Bununla beraber, kitlelerin güçlü etkinlikleri devrime ulaşmadan, basit bir isyanda da kalabilir. Evet, yalnızca kitlelerin isyanı; egemen sınıfın çöküşüne ve ezilen sınıf gücünün egemen olmasına; sosyal devrimin tamamlanmasına götürür. Devrimin ilerlemesi için kitlelerin ayaklanması objektif bir koşul öğesidir ki sırasıyla, toplumun gelişme şartına bağlı objektif sosyal bir süreç oluşturur. Ama bu, bir kez objektif koşullar ortaya çıktıktan sonra isyan zamanını beklemek gerektiği anlamına gelmez.
İnsanların etkinliklerinde, boşalma ve çekilme anları, inişler ve çıkışlar vardır. Bu yüzden devrimci sınıf, durumu değerlendirebilmeli ve iktidarı ele geçirmeyi teklif edebilmelidir. İşte tam da burada, sınıfın, amaca yönelen en seçkinlerinin yoğunlaştığı devrimci bir partinin varlığında somutlaşan, bilinçli devrimci bir eylem alanı açılır.
Olayların ritmini değerlendiremeyen, vaktinde kitlelerin güvenini fethedemeyen ve olayları yönlendirme yeteneğine sahip olamayan bir parti ile devrimin zaferi mümkün değildir. Meselenin özü, sosyal devrimin objektif ve sübjektif faktörlerini doğru bir şekilde birleştirmeyi bilmekten ibarettir.
Notlar:
1- Üretim araçları: Çalışma sürecine dâhil olan maddi objelerdir. Üretim araçları, HAMMADDELER (ağaç, çelik, karton alüminyum…) ve ÇALIŞMA ARAÇLARIDIR (donanımlar, makineler, binalar, enerji…).

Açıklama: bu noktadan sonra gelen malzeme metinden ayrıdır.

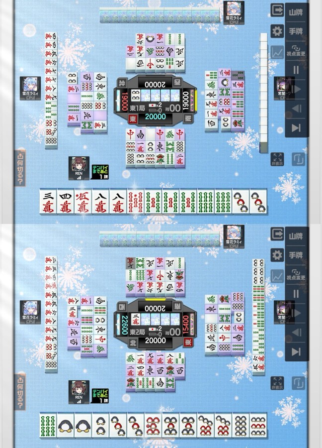 え?え??え???二連続で河底撈魚とかそんな事があるん?しかも二局目はダブル河底撈魚だから、この対局だけで3つの河底撈魚が和了されてるっていう。Σ(・□・;) そんなオカルトありえません。って言いたくなりますねw。(ぉぃ) ちなみに、対面が合計2万放銃した事で丁度0点(トビ)になりこの対局は東二局で終了。(早) あれ?ちょっと待って?自分何もしてないじゃん!(敢えて言うならオリてただけ←) 牌譜の共有! 牌譜ID:LLS4PK

2- Üretici güçler: Üretim için toplum tarafından oluşturulan ortak enerjisidir. Mevcut ÜRETİM ARAÇLARI ile İŞGÜCÜNÜN (yetenek ve uzmanlık derecesi) bileşimi tarafından belirlenir. İşgücü verimliliği, üretim araçları ve işçi arasında kurulan teknik ilişki biçimine bağlıdır.
3- Sosyal sistem: ÜRETİM TARZINA bağlı olarak Üretimin TOPLUMSAL İLİŞKİLERİ (sosyal grupların üretim süreci içindeki işgal ettikleri pozisyon) tarafından belirlenir. Tarih boyunca bilinen sosyal sistemler; Kölelik sistemi, Asya üretim tarzı, feodalizm, kapitalizm vs.
[Marxismo.org’daki İspanyolcasından Atiye Parılyıldız tarafından çevrilmiştir]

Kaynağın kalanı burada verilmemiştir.